Chacun décrit des lieux qui n’existent pas vraiment comme ça car les chansons, nécessairement subjectives, sont souvent composées ailleurs que l’endroit dont elles relatent les contours (on parle ainsi « d’imaginaires géographiques » ; on parle aussi de l’adjectif « anatopique » en écho à « l’anachronique »). De ce fait, les exagérations et approximations ne sont pas rares et quelques clichés, plus ou moins graves et robustes, se font sentir par endroit. L’Afrique en est hélas victime (pochette ensablée d’une Ethiopie pourtant non saharienne dans le « SOS Ethiopie » de Renaud ; racisme sexualisé gênant du « Africa » de Rose Laurens).
Il y a donc dans cet opus de quoi alimenter de nombreux cours de géographie dans différents cursus.
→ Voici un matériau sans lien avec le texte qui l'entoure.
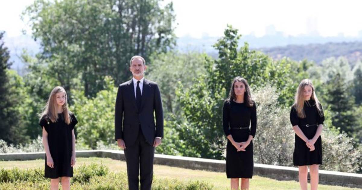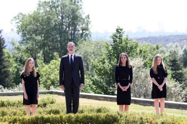 Los reyes Felipe y Letizia, y sus hijas, la princesa de Asturias y la infanta Sofía, vestidos de luto riguroso, permanecieron en silencio frente a la fachada del edificio principal del Palacio de la Zarzuela, en Madrid, ante una bandera de España a media asta.

Mention spéciale peut-être au « Dans ma ville, on traîne » d’Orelsan presque prêt à l’emploi avec une très fine description de la trame urbaine de la ville de Caen avec, en prime, un riche vocabulaire.
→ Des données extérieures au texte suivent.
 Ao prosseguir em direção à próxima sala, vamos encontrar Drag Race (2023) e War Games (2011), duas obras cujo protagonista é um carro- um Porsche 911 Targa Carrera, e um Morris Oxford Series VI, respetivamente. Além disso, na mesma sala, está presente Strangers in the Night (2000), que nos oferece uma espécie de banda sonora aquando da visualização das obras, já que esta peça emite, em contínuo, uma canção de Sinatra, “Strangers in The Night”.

Une maquette sobre et graphique, une lecture très agréable qu’on prendra plaisir à accompagner des écoutes en question et, pour conclure, deux remarques minimes si jamais il prenait aux auteurs l’idée d’engager un second volet sur le sujet (il y a largement matière lorsqu’on regarde l’intéressante page 9 qui liste les « autres lieux ayant fait l’objet d’une ou plusieurs chansons – à savoir non retenues dans l’ouvrage): peut-être imaginer une petite carte de localisation des différents lieux (quand c’est possible) pour visualiser les sources d’inspiration et ajouter une brève biographie/bibliographie des contributeurs pour voir dans quelle mesure leur parcours les a amené à choisir telle ou telle chanson. On s’amusera enfin, au-delà de la question spatiale qui nous occupe ici, d’être les témoins des confidences éhontées des auteurs de ces contributions quant à leurs égosillements personnels sur les morceaux les plus kitchs de la sélection.